# Sky- my 1st Lilac



## windyhill (Jan 19, 2010)

Sky came from a Chocolate X Broken Chocolate litter, so I was a bit suprised when he showed up(yet to figure out who carries blue)
I hope to be able to produce some more lilacs, so I can work on the shading.


----------



## Jack Garcia (Oct 9, 2009)

Both parents must carry blue. He's cute.


----------



## windyhill (Jan 19, 2010)

Thanks 

Oh yeah, both of them  I knew that
Can you tell Im running on a lack of sleep,lol

Im going to re-breed his parents and see what I get this time.


----------



## zany_toon (Apr 3, 2010)

He is lovely, I've never seen a lilac before except in photos. He looks really cute!


----------



## windyhill (Jan 19, 2010)

Thanks 
I've never seen/had a lilac before him.


----------



## Onyx (May 2, 2010)

Aww very cute indeed!
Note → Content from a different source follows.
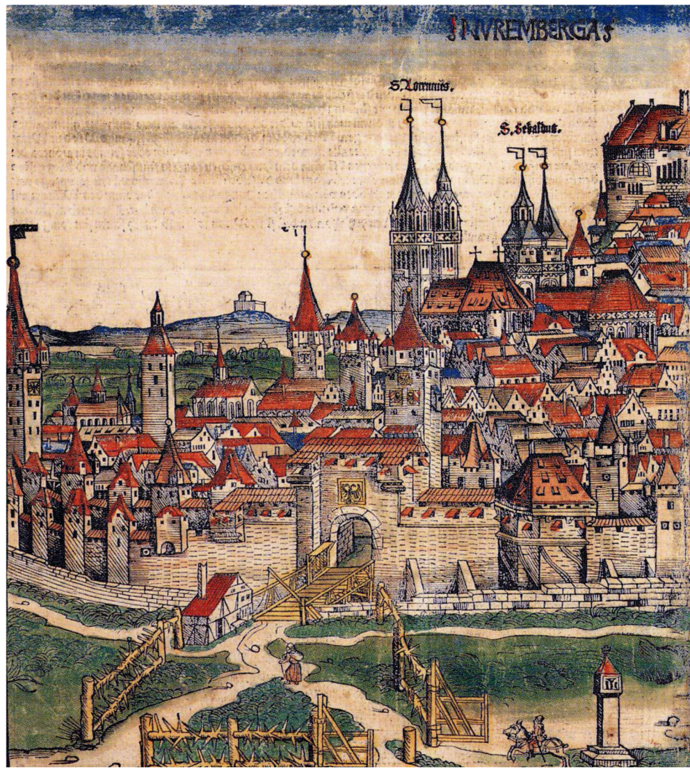
Fig. 4 - Polarities. Nuremberg. Sources: H. Schedel, Liber Chronicarum, xilografia, 1493.

sustainable strategies with the various cultural, social, civic and formal aspects of urban design and architecture, according to a comprehensive and complex idea of sustainability, that can only be fully accomplished through a renewal of civic awareness, a different use of resources, a different pattern of settlement on the territory. However, the information revolution is already radically transforming the very foundations of the “fossil city”, exponentially increasing the opportunities for exchange in the new global society. On the one hand, the daily movement range has been progressively reduced; on the other, a “virtual” macro-urbanism will intersect with an “actual” micro-urbanism, physical and concrete, determining the form of the new urban environment. Within the binomial of macro and micro urbanism, urban morphology identifies an interesting socio-building scale which can serve as the basic strategy for sustainable city planning in the XXI century. A strategy that involves, on the one hand, a scalar sequence of physical forms related to aggregation and spatial organization (from houses all the way up to districts); on the other, a complementary sequence of forms related to association and civic organization (from families to urban communities). Sequences that find in the concept of “social neighborhood building” the lowest common denominator of sustainability: the sustainable unit, on which urban strategies of environmental control on a larger scale

Fingers crossed mum and dd will produce couple next time =D


----------



## Autumn2005 (Apr 21, 2010)

Are his eyes black? Would he still be considered a lilac if his eyes were pink? I had an agouti and a stone produce one that color, with pink eyes.


----------



## windyhill (Jan 19, 2010)

Thanks

It depends on what standards you breed to.
With the one I use, Lilacs have black eyes and doves have pink eyes,but some standards are the other way around.
I have a dove(Pink eyed black) doe who looks about the same,but she has pink eyes
I dont know what color stone is,sorry.(I do good to remember American color terms,lol)


----------



## Autumn2005 (Apr 21, 2010)

Stone is actually a term I found on this forrm. He's a light greyish brown, and no one has been able to tell my what color he is.


----------



## windyhill (Jan 19, 2010)

Ive seen the term stone used before,but dont know what it is in American Standards


----------



## WoodWitch (Oct 18, 2009)

Stone is what I _think_ you know as Beige, and is a bi-product of (what you call in USA) Bone x Bone.


----------